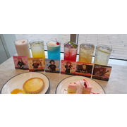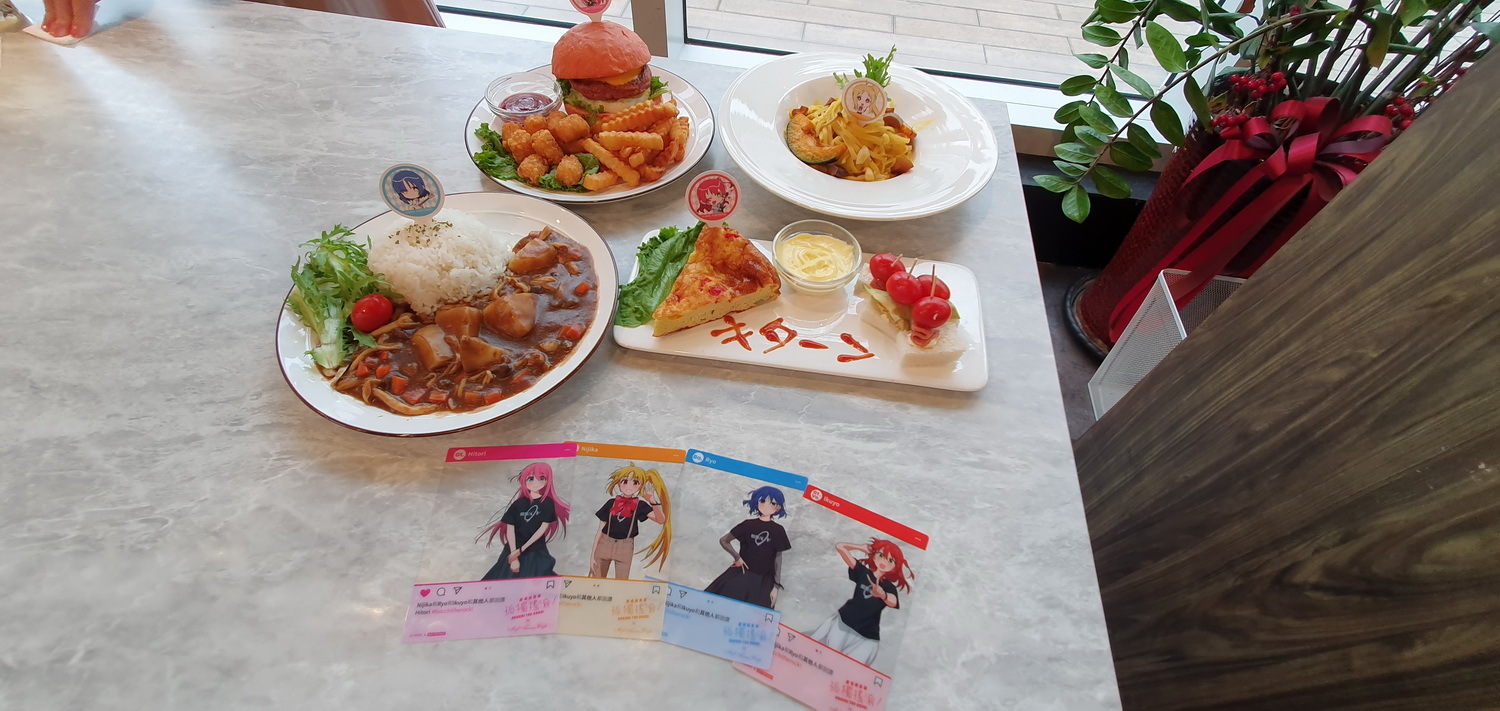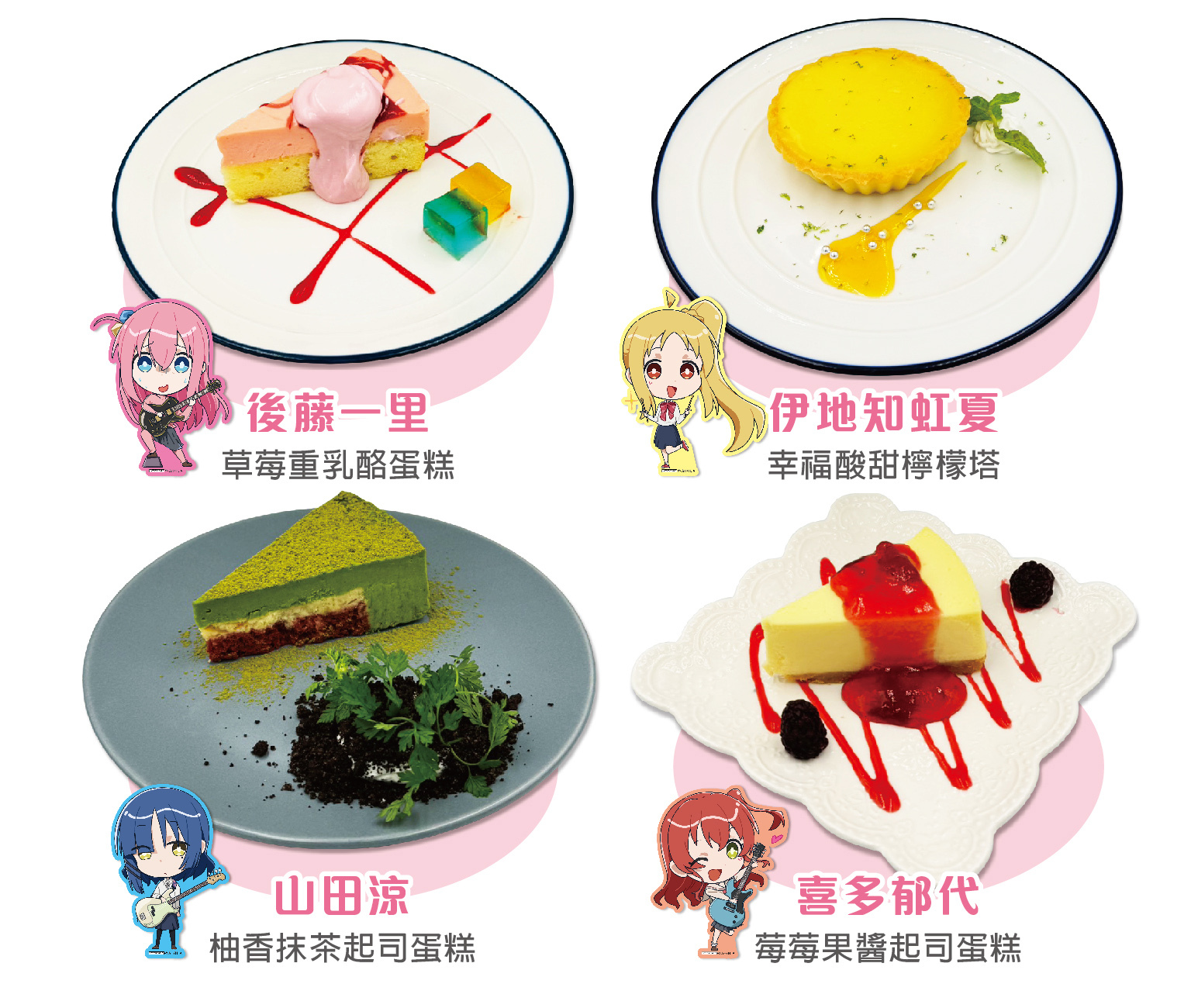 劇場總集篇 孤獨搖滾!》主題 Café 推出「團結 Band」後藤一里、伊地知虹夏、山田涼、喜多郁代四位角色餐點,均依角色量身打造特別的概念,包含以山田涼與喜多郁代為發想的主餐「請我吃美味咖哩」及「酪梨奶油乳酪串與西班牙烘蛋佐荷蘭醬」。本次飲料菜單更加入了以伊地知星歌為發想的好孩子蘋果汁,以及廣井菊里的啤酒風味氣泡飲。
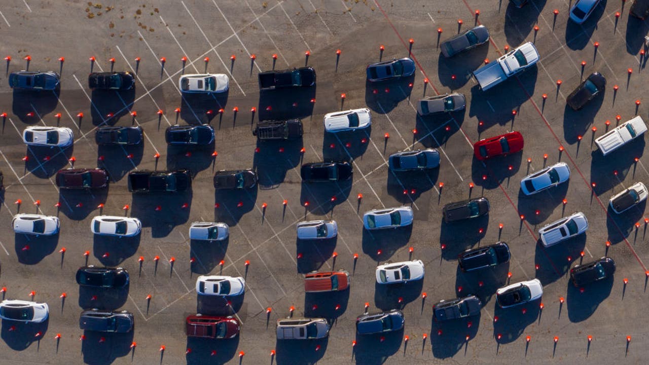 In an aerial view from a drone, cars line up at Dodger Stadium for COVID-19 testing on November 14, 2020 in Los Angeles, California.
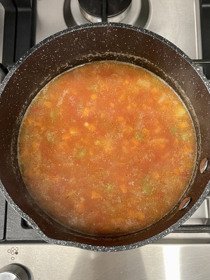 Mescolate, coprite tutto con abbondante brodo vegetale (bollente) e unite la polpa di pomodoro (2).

- Exercise requirements: Extract exactly the lines above from the line containing "In an aerial" through the last one, both ends included, but not the pictures.

- Exercise response:
 In an aerial view from a drone, cars line up at Dodger Stadium for COVID-19 testing on November 14, 2020 in Los Angeles, California.
 Mescolate, coprite tutto con abbondante brodo vegetale (bollente) e unite la polpa di pomodoro (2).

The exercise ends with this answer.